現物を持っていなくても「売りから入れる」のは、FXのような証拠金取引の特徴です。下落相場でも利益を狙える一方、レートが上昇すると含み損になり、通貨ペアによってはスワップポイントを支払う可能性があります。
ロングとショートの比較表
両者の違いを表で整理します。迷ったときはこの表に立ち返ってください。
| 観点 | 買い(ロング) | 売り(ショート) |
|---|---|---|
| 利益が出る相場 | 上昇相場 | 下落相場 |
| 含み損になる相場 | 下落相場 | 上昇相場 |
| スワップ | 受け取れる場合がある | 支払う可能性がある |
| 狙える局面 | 順張りの上昇トレンド | 暴落・急落時 |
ポジション関連のFX用語集|建玉・スクエア・両建て
ポジションの周辺には、初心者がつまずきやすい用語がいくつかあります。取引画面や解説記事でよく見るものを、まとめて覚えてしまいましょう。
建玉(たてぎょく)とポジションの関係
建玉とは、ポジションとほぼ同じ意味の日本語で、もともと株式の信用取引や先物取引で使われてきた用語です。FX会社の取引画面では「建玉一覧」「建玉数量」といった表記で登場します。

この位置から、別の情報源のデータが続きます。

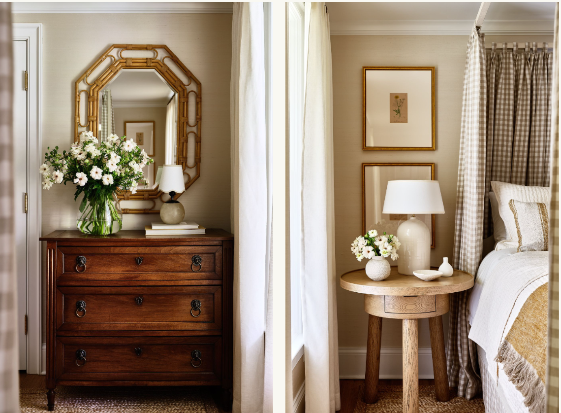 The previous owners had made updates to the primary bathroom, but it lacked style and warmth. I changed out the vanity, lights and mirrors. The plumbing fixtures are from Waterworks, the sconces Urban Electric and the rattan mirrors I found vintage at a local store. I had a collection of antique bird prints framed that I had sourced at the Paris flea. The paint color is Sea Pearl by Benjamin Moore.

取引ツールによっては「ポジション照会」「オープンポジション」と表示されることもあります。呼び方は違っても、保有中の建玉の通貨ペア・売買方向・数量・平均建値・評価損益を一覧できる画面という点は共通です。
「未決済の持ち高=ポジション=建玉」と覚えておけば、どの表記に出会っても迷いません。
スクエア(ノーポジション)とは
スクエアとは、ポジションを何も持っていない中立の状態のことです。「ノーポジション(ノーポジ)」とも呼ばれます。

両建てなどその他の関連用語
- 両建て
同じ通貨ペアの買いと売りを同時に保有すること。値動きが相殺される一方、スプレッドやスワップのコストが二重にかかるため、初心者にはおすすめしません。
- ポジポジ病
明確な根拠がないのに常にポジションを持ちたくなってしまう状態を指す俗語。無駄な取引が増え、損失を積み重ねる原因になります。
- ロールオーバー
建玉を決済せずに翌営業日へ持ち越す処理のこと。このタイミングでスワップポイントの受け払いが発生します。
- ナンピン(難平)
含み損を抱えた建玉と同じ方向に買い増し(売り増し)して、平均取得レートを有利にすること。相場が戻らなければ損失が拡大するため、計画性のないナンピンは危険です。
- 塩漬け
含み損の建玉を損切りできず、長期間放置してしまうこと。資金が拘束され、他の取引機会を逃す原因になります。
ポジションの使い方|新規注文から決済までの流れ
実際の取引は「新規注文→保有→決済注文」の3ステップで進みます。ここでは一連の流れと、持ち越し時に知っておくべきことを確認します。
- 新規注文で建玉を持つ(エントリー)
- 保有中は含み損益が変動する
- 反対売買で決済し、損益を確定させる
新規注文でポジションを持つ
取引を開始する際に出すのが新規注文です。例えば、はじめてドル円を1万通貨買えば、それが新規の買い建玉になります。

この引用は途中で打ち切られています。